Below is a listing; retype exactly the lines between the one containing "Pink tulips predominate" and the one containing "The semiconductor industry", inclusive, minus the pictures.

• DATA FOR THIS TASK:
╔══

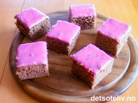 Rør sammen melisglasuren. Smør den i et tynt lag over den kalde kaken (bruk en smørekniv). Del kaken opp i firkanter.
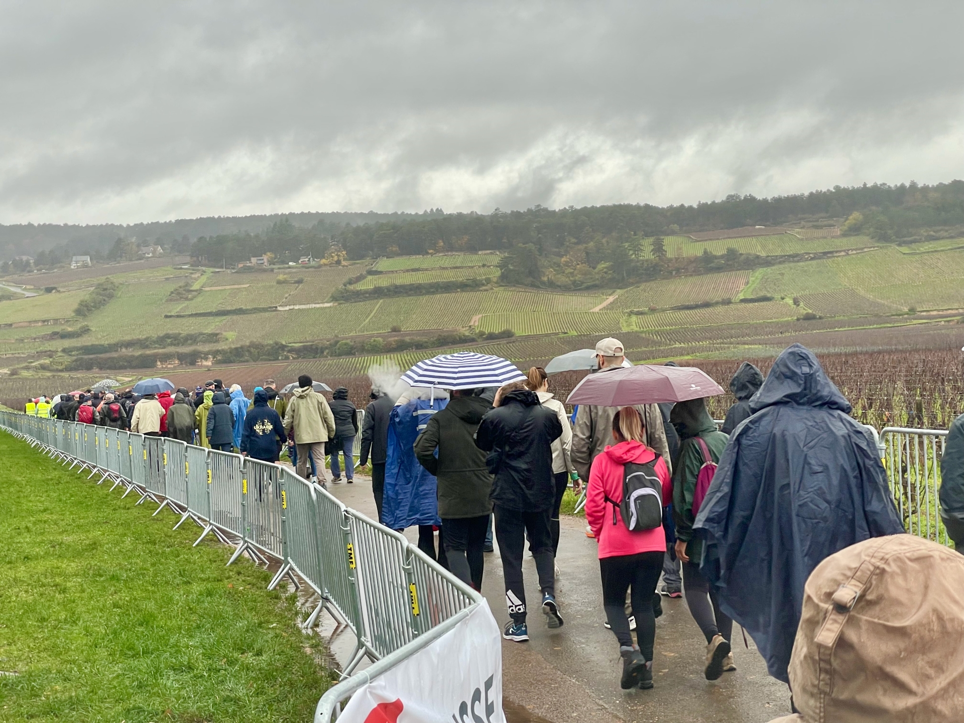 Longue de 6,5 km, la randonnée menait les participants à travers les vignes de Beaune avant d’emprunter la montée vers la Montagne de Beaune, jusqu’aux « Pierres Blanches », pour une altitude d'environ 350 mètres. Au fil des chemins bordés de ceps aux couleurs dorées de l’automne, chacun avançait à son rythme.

╚══
╔══

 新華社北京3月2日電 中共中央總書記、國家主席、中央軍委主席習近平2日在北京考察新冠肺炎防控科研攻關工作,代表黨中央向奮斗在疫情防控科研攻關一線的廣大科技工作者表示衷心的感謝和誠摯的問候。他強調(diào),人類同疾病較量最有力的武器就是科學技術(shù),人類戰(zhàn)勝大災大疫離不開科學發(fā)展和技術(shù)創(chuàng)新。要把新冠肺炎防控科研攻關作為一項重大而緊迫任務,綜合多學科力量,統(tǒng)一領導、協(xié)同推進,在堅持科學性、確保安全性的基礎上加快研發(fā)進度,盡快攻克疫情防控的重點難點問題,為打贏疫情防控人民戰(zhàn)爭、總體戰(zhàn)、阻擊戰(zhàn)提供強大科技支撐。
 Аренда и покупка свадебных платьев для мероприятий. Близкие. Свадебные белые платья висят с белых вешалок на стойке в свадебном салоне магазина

╚══
╔══

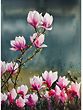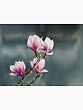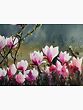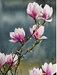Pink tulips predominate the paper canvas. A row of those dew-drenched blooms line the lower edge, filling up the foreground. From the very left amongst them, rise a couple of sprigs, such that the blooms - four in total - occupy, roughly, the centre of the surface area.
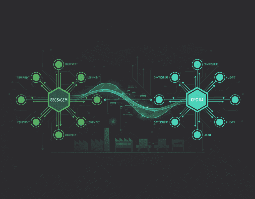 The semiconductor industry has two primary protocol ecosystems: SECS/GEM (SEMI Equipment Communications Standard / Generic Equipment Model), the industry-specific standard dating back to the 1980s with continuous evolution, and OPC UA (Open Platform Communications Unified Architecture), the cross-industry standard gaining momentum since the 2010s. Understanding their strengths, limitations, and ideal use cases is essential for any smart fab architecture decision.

╚══

• EXERCISE SOLUTION:
Pink tulips predominate the paper canvas. A row of those dew-drenched blooms line the lower edge, filling up the foreground. From the very left amongst them, rise a couple of sprigs, such that the blooms - four in total - occupy, roughly, the centre of the surface area.
 The semiconductor industry has two primary protocol ecosystems: SECS/GEM (SEMI Equipment Communications Standard / Generic Equipment Model), the industry-specific standard dating back to the 1980s with continuous evolution, and OPC UA (Open Platform Communications Unified Architecture), the cross-industry standard gaining momentum since the 2010s. Understanding their strengths, limitations, and ideal use cases is essential for any smart fab architecture decision.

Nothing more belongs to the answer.